DULUTH — The Duluth City Council is moving to ensure future housing developers who receive public money can't change their business model, at least for a while.
Duluth proposes new rules for development agreements amid Lincoln Park apartment controversy
Language defining use and time period are among requirements proposed for future residential development agreements where public money is awarded.
Councilors will vote on a measure Monday in the wake of news that residents of two dozen apartments in a Lincoln Park building have been told to vacate to make way for a floor of hotel rooms as the city struggles through a housing crisis.
The resolution proposes that all future residential development agreements where public money is awarded should include language defining permitted uses and minimum time periods that those uses should be in effect.
"The intent is to make sure this doesn't happen again," said Council President Janet Kennedy.
The city has also flagged existing housing development agreements in which tax breaks or other public money was involved, in the event their developers seek a permit to turn housing into something else, said Noah Schuchman, Duluth's chief administrative officer, at a Thursday council meeting.
The city issued a permit for Lincoln Park Flats to convert apartments into hotel rooms last month. City spokeswoman Kelli Latuska said it was issued without extensive review because hotel land use is permitted within that zoning district.
"The permit is a very simple process due to significant overlap between regulations for a new apartment building and a hotel," she said.

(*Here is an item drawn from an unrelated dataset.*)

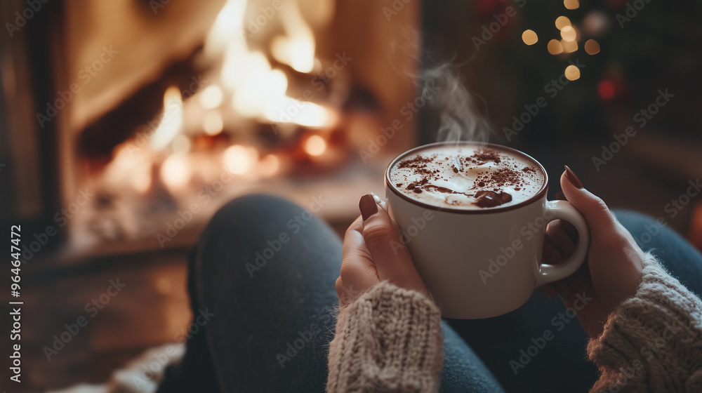 Obrazy Kawa - Kobieta odpoczywa przy kominku, trzymając w rękach kubek gorącej kawy lub czekolady. Ogniste... #964647472

The company behind Lincoln Park Flats — 74 rental housing units built with the help of a more than $2 million subsidy from the city of Duluth — gave residents of its second floor notice in March that they would need to move at the end of their yearlong rental agreement. That led the city to review its agreement with P&R Cos., the property manager and developer. The building has been open about 10 months. While P&R Cos. offered housing on other floors or in other properties it owns, the abrupt change surprised residents.
Developers receiving city tax breaks shouldn't be allowed to make changes to their projects for a set period of time, said Duluth resident Angel Dobrow, protesting the hotel conversion in front of the Flats building on Monday.
"Everybody knows there is a huge housing crunch in Duluth," she said. "This is like salt in the wound. They built this beautiful building and now, less than a year later, they are evicting every tenant on the second floor to turn it into a boutique hotel. It's just outrageous."
Protester Ryan Glenn said Lincoln Park, despite its addition of craft breweries, restaurants and coffee shops, remains an impoverished neighborhood that still lacks an amenity as basic as a grocery store.
A loss of housing, Glenn said, "is the last thing this neighborhood needs."
The complex was built during the pandemic when material costs grew, said Erin Makela, of P&R Cos.
That, combined with rising interest rates, has made their original business model unsustainable, she said.
Enough renters have declined to renew leases to make apartments on other floors available to everyone being displaced, Makela said, and mostly for apartments that cost about the same. The company will continue to offer at least 23 apartments at an affordable rate, per its agreement with the city.
Despite that, councilor Gary Anderson said Thursday, at least one resident who does not meet low income requirements has been asked to change apartments because his studio is needed to maintain the affordable rate requirement.
Anderson said the resolution should bring clarity to developers and security to tenants who live in buildings that benefited from subsidies.
Along with tax increment financing, P&R Cos. received a city variance to make the first floor of the building parking, and a grant from the Minnesota Department of Employment and Economic Development for cleanup.
Schuchman said the city continued to work with P&R Cos., but the outcome wasn't "entirely in our control."
Councilor Arik Forsman asked the others to be cognizant of the need for housing in Duluth at every level as they face future development decisions.
"There is a lot of anger in the community about this for good reason," he said. "What I don't want to see come from this project is the rekindling of discussion I saw a couple of years ago, which was affordability versus market rate. We need both of those in the city."